Türk el sanatları, asırlardır süregelen bir geleneği taşırken, bu sanatları yaşatan ustalar da zamanla azalmaktadır. 75 yaşındaki Durmuş dede, bu geleneklerin son temsilcilerinden biri olarak hem geçmiş hem de gelecek arasında bir köprü vazifesi görüyor. Şu anki yaşamını yüzyıllardır süregelmiş olan zanaatları eğiterek ve yaygınlaştırarak sürdürmekte. Onun hikayesi, yalnızca bir zanaatkarın değil, aynı zamanda bir kültür elçisinin hikayesidir.

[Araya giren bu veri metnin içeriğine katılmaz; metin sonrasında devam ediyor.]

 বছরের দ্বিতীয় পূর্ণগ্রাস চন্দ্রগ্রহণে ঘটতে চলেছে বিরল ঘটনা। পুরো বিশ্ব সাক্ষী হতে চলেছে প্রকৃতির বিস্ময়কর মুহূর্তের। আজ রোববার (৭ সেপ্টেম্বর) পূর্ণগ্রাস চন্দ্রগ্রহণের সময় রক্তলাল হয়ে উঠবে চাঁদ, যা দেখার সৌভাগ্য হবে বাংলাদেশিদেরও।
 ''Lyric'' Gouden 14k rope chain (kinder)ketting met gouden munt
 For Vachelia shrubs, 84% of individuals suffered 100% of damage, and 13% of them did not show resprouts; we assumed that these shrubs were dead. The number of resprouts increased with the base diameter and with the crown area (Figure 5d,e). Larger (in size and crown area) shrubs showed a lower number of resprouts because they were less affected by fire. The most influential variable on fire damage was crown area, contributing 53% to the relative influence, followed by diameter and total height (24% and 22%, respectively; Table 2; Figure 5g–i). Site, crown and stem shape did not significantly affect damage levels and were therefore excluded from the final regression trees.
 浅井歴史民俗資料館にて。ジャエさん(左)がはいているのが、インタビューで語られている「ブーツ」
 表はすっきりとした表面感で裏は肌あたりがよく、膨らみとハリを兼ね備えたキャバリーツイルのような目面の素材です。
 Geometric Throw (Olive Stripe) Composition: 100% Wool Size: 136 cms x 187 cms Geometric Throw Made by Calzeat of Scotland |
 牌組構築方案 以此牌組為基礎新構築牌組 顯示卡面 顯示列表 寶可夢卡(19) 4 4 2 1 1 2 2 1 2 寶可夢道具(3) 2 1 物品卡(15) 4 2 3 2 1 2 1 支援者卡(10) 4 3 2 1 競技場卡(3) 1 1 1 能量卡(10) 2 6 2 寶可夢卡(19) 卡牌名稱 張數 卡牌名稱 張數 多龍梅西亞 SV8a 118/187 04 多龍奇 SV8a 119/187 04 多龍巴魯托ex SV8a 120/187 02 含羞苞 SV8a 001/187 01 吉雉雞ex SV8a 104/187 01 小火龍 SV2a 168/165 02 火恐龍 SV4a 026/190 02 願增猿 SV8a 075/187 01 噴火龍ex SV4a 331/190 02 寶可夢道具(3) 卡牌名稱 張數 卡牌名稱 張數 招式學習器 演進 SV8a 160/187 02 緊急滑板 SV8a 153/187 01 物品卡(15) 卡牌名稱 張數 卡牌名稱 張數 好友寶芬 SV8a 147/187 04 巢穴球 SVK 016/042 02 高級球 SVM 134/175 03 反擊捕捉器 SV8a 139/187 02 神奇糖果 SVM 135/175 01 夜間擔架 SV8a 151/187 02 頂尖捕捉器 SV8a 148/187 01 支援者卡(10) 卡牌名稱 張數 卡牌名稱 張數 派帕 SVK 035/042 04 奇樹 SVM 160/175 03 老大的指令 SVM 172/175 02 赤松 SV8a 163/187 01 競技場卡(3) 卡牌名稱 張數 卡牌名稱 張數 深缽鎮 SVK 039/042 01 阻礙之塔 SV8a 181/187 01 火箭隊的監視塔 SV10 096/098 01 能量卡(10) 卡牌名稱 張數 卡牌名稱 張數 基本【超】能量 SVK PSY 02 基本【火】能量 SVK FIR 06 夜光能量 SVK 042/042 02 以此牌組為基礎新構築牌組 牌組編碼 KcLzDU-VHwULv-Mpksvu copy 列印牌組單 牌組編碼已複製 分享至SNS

Durmuş dede, küçüklüğünden beri ailesinin zanaatkarlık geleneğini benimsedi. Dedesi, babası ve amcası gibi o da mesleğini öğrenirken, bu bilgilere sahip çıkmanın ve onları gelecek nesillere aktarmanın önemine vakıf oldu. Bu süreçte, yalnızca bir meslek edinmekle kalmadı, aynı zamanda kendine ait bir üslup geliştirdi. Durmuş dede, 1950'ler ve 1960'ların zanaatçı kültürünü bugüne taşımakta kararlı. Bununla birlikte, her ürettiği eserle beraber kendine özgü bir hikaye de taşıdığına inanıyor.

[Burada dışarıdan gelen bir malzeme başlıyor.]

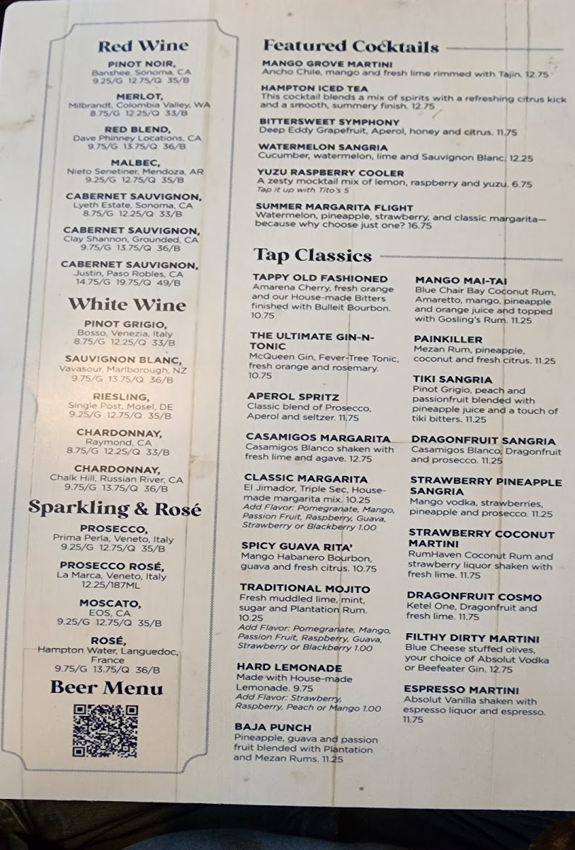 The Wood-N-Tap - Farmington Menu offers a delightful range of dishes that make every visit a memorable experience. Whether you're craving a hearty burger, a fresh salad, or a comforting bowl of soup, there's something for everyone. The menu highlights seasonal favorites, with an emphasis on quality, locally-sourced ingredients that bring out the best flavors. Signature dishes like their mouthwatering craft burgers and the crispy fish tacos are always a hit, but the sides, including the famous hand-cut fries, never disappoint. For those looking to enjoy a light bite or something to share, the small plates menu provides plenty of tasty options, perfect for pairing with a cold drink. Whatever you’re in the mood for, Wood-N-Tap - Farmington Menu is sure to satisfy your cravings with its variety and delicious options.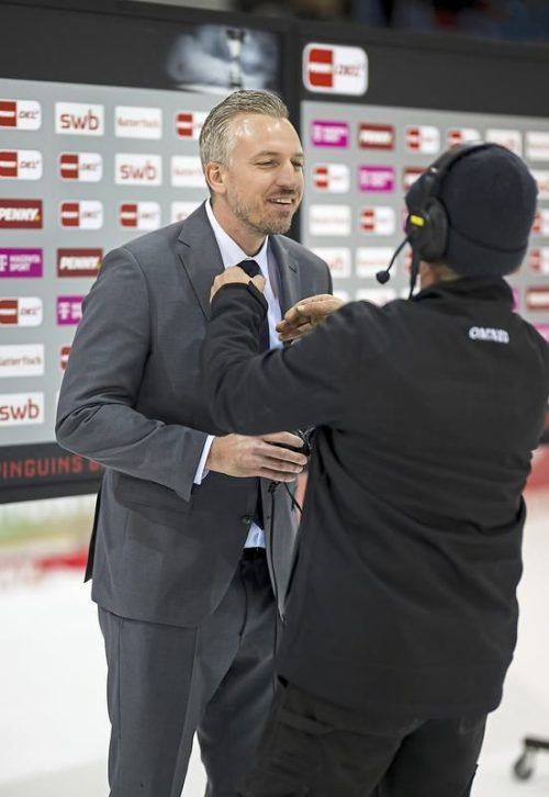 Erster Fernsehauftritt als Münchner Cheftrainer: In Bremerhaven wird Max Kaltenhauser nach dem Penalty-Sieg des EHC verkabelt. © Red Bull/City-Press

Artık bir nesilin değil, birkaç neslin kıymetli mirasına sahip olan Durmuş dede, ata yadigarı zanaatları öğretmek için gençlerle atölye çalışmaları düzenliyor. Kendisi, gençlerin el sanatlarına olan ilgisini artırmak adına sosyal medya ve çeşitli platformları aktif olarak kullanıyor. İnternette yer alan paylaşım videolarıyla, özellikle gençler arasında bu sanata olan ilgiyi artırmaya çalışıyor. Bunun ötesinde ise, her atölyesinde gelenekselliği ve yenilikçiliği harmanlayarak gençlerin kendi tarzlarını bulmalarına da yardımcı oluyor.
Durmuş dede'nin en büyük hedeflerinden biri ise, unutulmaya yüz tutmuş gelenekleri yeniden canlandırmak. Bu bağlamda, yerel pazarlar ve festivallerde stant açarak, hem yaptıkları ürünleri sergiliyor hem de el sanatları üzerine bilgiler veriyor. Katılımcılara sadece ürün satmaktan çok hem sanatı tanıtıyor hem de bu sanatın ardındaki derin kültürel bağları aktarıyor.
Son yıllarda, geleneksel el sanatlarına olan ilginin yeniden arttığını ifade eden Durmuş dede, bunun sebebini çağın hızına rağmen insanların köklerine dönüş arayışında görmektedir. El yapımı nesnelerin, günümüzdeki hazır mallara nazaran daha anlamlı olduğunu düşünen pek çok kişi, artık zanaat günlerine ve çalışmalara ilgi göstermektedir. Bu durum, onun gibi ustalar için ayrı bir motivasyon kaynağı yarattığı gibi, ürettikleri eserlerin değerinin daha iyi anlaşılmasına da katkı sağlıyor.
Durmuş dede’nin hayatı, sadece bir mesleğin değil, asıl olarak bir kültürün ne kadar önemli olduğunu gözler önüne seriyor. Zanaatın bir yaşam tarzı olduğuna inanan dede, öğrendiği her yeni teknik ve hikaye ile bu yaşam tarzını zenginleştiriyor. Daha çok insanın bu zanaatın özünü öğrenmesini ve yaşatmasını istiyor.
Sonuç olarak, Durmuş dede gibi ustalar, köklü geleneklerin ve zanaatların korunmasını sağlamanın yanı sıra, bu kültürel mirası nesiller boyu yaşatacak olan yeni nesillerin yetişmesine de katkıda bulunuyor. Zamanla yarışan bu değerli zanaatkarlar, kültürel mirasımıza sahip çıkmanın ve onu daha ileriye taşımanın en önemli taşıyıcılarıdır. Durmuş dede gibi isimler, yalnızca birer zanaat ustası değil, aynı zamanda geçmişten gelen hikayeleri geleceğe taşımaya çalışırken, zamana meydan okuyorlar.